In order to study the importance of the country variable as a confounder, raw neuropsychological scores were adjusted using the available confounder variables related to neuropsychological performance in children, such as sex, breast-feeding, type of delivery, maternal age, gestational age, maternal educational level and smoking. After adjusting for these confounders, the country became the main predictor in most of the neuropsychological variables for raw data (Table 4).

Table 4 Raw and imputed data from ordered logistic regression of the different tests performed in the NUTRIMENTHE children with the available confounders from six European countriesFootnote (Coefficients of the ordered logistic regression model for imputed data and 95 % confidence intervals)

SDMT, Symbol Digit Modalities Test (total hits); DH, Dominant Hand; NDH, Non-Dominant Hand; HVOT, Hooper Visual Organization Test (total hits); CT, Cancellation Test (total hits); CPT BL7, Continuous Performance Test (total hits), Block 7; OMI, omissions; ROT, Recall of Object Test (immediate and delayed recalled pictures); RAVLT, Rey Auditory Verbal Learning Test (recalled words in trial 1, trial 1–5 and delayed (hits)); K-ABC-II, Matrix Analogies Test (total hits); CCTT, Children’s Colors Trail Test (time part 1 (s)); HDT, Hungry Donkey Task (total score).

* P<0·05; ** P<0·01; *** P<0·001.

Children’s neuropsychological scores adjusted by study country, sex, maternal age , maternal educational level , smoke in pregnancy , mode of delivery, gestational age and breast-feeding.

Discussion

The main objective of this study was to analyse the influence of culture (comparing different countries) on the neuropsychological performance of healthy European children. Also, we were interested in studying the utility of standardisation by country and sex as a way to reduce the culture influence. As expected, results showed differences in the neuropsychological performance among children of the six countries involved.
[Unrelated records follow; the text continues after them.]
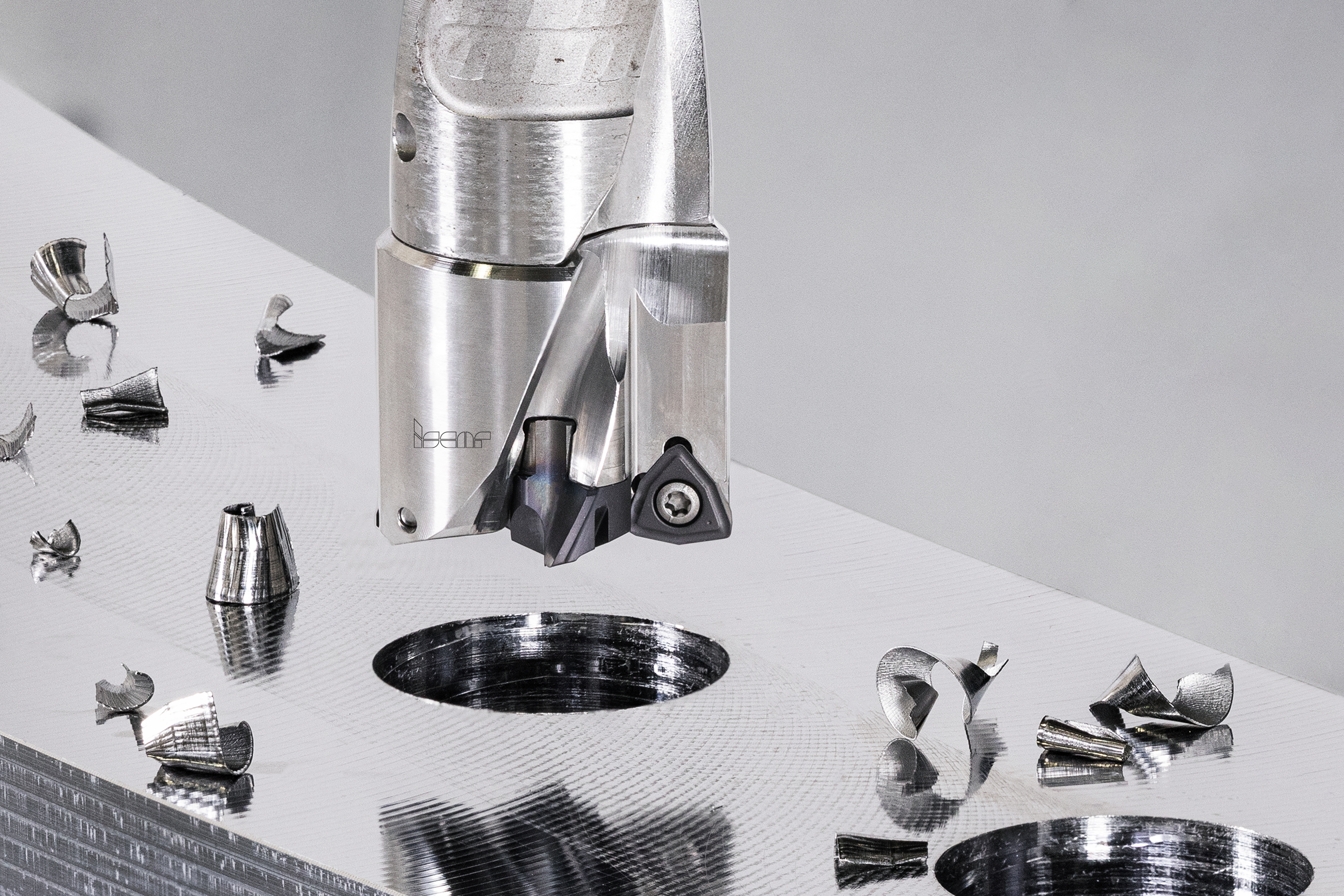 The SUMOCHAM line is intended for high-speed drilling and is well regarded for its productivity, reliability, usability, and versatility. It addresses a common challenge in drilling operations: the time-consuming process of changing the entire drill. With SUMOCHAM, only the drilling head needs to be replaced, which can be done quickly, without regrinding, and without any additional setup procedure. This NO-SETUP-TIME design concept allows for the replacement of the head without withdrawing the drill from the machine spindle, significantly reducing machine downtime.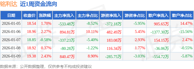 资金流向数据方面,本周铭利达主力资金合计净流入784.3万元,游资资金合计净流入123.98万元,散户资金合计净流出908.28万元。本周资金流向一览见下表: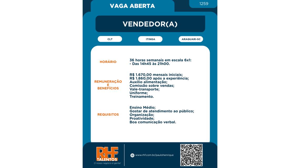 Vendedor(a) [1259] - Itinga - Araquari-SC
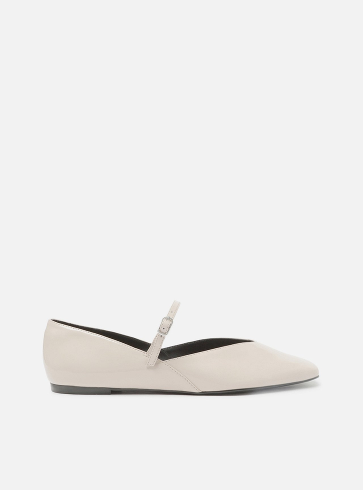 Sapatilha feminina branca em verniz. O sapato tem salto rasteiro e ponta quadrada. Traz cabedal com formato arredondado, tira afivelada sobre o peito do pé e recorte nas laterais. Fechada, exibe toda a parte superior do pé.
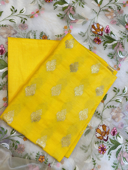 Yellow Cotton Silk Dyable Floral Zari Booti with Embroidered Dupatta Banarasi 3 pcs Suit Set 14IM_DCS21
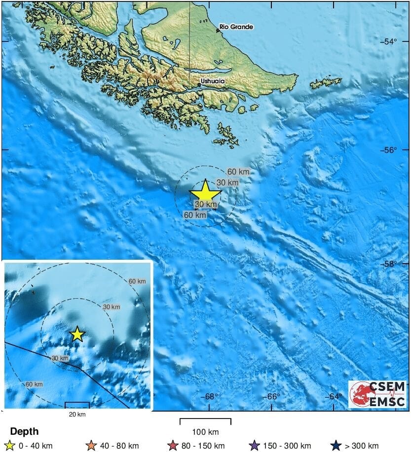 Prema podacima Američke geološke službe (USGS), potres magnitude 7,4 zabilježen je u 13:58 po lokalnom vremenu, s epicentrom 219 kilometara od obale argentinskog grada Ushuaije. Potres je osjetio i jug Čilea, a lokalne vlasti izvijestile su o seriji naknadnih podrhtavanja tla.

Cultural differences related to neuropsychological performance remained after adjusting for other confounders such as sex, maternal age, maternal educational level, smoking during pregnancy, type of delivery and gestational age. Finally, differences among countries disappeared and influence of the country was considerably reduced when standardised scores by country and sex were used.
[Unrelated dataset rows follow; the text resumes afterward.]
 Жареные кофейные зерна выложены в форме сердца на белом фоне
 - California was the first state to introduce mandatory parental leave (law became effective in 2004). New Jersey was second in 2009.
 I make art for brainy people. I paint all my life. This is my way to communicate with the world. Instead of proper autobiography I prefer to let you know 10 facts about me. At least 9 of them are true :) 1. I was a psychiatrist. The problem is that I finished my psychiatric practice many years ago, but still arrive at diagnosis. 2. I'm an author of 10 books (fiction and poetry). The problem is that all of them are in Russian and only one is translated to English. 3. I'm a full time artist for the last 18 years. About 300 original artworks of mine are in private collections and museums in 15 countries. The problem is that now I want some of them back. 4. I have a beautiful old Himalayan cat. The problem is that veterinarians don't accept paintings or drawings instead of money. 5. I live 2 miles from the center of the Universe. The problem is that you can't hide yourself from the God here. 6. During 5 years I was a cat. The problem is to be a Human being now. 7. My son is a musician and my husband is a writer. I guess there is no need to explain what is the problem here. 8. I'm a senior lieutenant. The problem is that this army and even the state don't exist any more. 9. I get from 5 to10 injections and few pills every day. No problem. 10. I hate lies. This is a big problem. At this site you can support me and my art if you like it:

As previously reported( Reference Uzzell, Ponton and Ardila 5 , Reference Byrd, Arentoft and Scheiner 38 ), culture influenced neuropsychological performance of children. However, there were no previous studies comparing neuropsychological performance of European children, nor on the variables that could explain differences among cultures. Besides traditional variables such as language, educational system or socioeconomic status, which could account for a part of the variability( Reference Byrd, Sanchez and Manly 23 , Reference Manly, Jacobs and Touradji 33 ), country should be considered an important confounder in multinational studies or in intra-national studies comparing different ethnicities, when neuropsychological performance is measured. This may be due to the fact that the ‘culture/country’ variable independently influences the above-mentioned variables in neurodevelopment.
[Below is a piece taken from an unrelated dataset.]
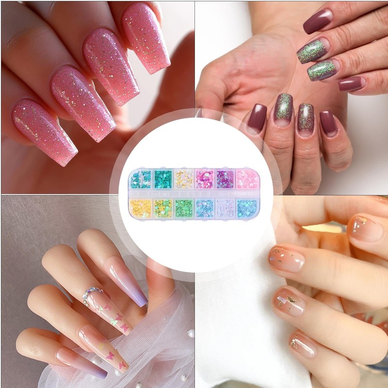 - Efficient Glitter Storage: Organize nail glitter by color in a 12-section case, with flipping cover access for dustproof and waterproof protection, ensuring precise application control effortlessly
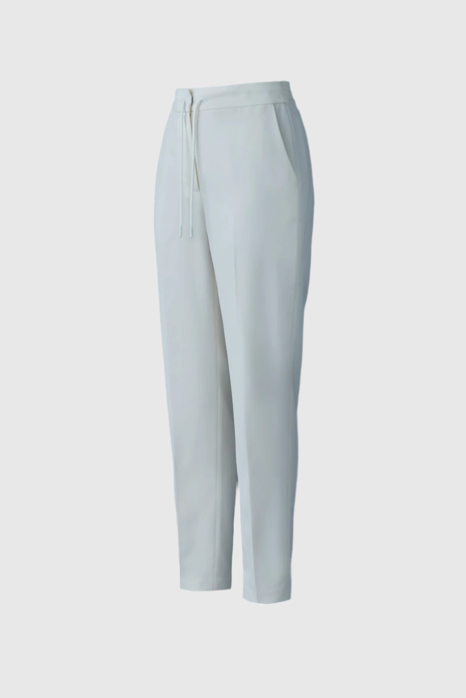 NIDYA are straight-leg wool pants crafted from soft wool. Design-forward with pleats at front and slash pockets at waist. Half-lined with center front fly closure zipper and hook & bar fastening for a comfortable fit. Modern and effortless ready-to-wear. DETAILS - Pleated wool pants - Inseam pocket - Half-lined - Elasticized waistband - Adjustable drawcord at waist - Back welt pocket - Slash pockets - Center front fly closure with zipper and hook & bar fastening SIZE & FIT - The model is 5'11" (180 cm) and wears a size S. - Inseam length: 28'' / 71 cm. COMPOSITION & CARE - Shell: 100% wool. Lining: 52% polyester, 48% viscose. - Dry clean by leather specialist using oil-based solvent only. Do not use perchloroethylene.

It is worth noting that differences among countries in neuropsychological performance are not homogeneous. The largest differences have been found in processing speed and executive functions and the smallest in the delayed recall of visual memory, verbal fluency and decision making. Specific neuropsychological patterns for specific cultures have not been demonstrated, but differences have been reported in both verbal( Reference Portocarrero, Burright and Donovick 60 ) and non-verbal( Reference Rosselli and Ardila 29 , Reference Fasfous, Hidalgo-Ruzzante and Vilar-López 37 ) tests. Our results are congruent with previous studies showing cultural differences in several cognitive functions( Reference Byrd, Arentoft and Scheiner 38 ). Also, it should be mentioned that most of the studies compared neuropsychological execution only between 2–3 cultures( Reference Thorell, Veleiro and Siu 41 ); studies with six cultures/countries are inexistent. In that sense, NNB is the first European neuropsychological battery for children designed in such way as to be used in six different countries. The development of this tool permitted us to build up the NGDB, giving us the opportunity to evaluate cultural effects in a population of European children.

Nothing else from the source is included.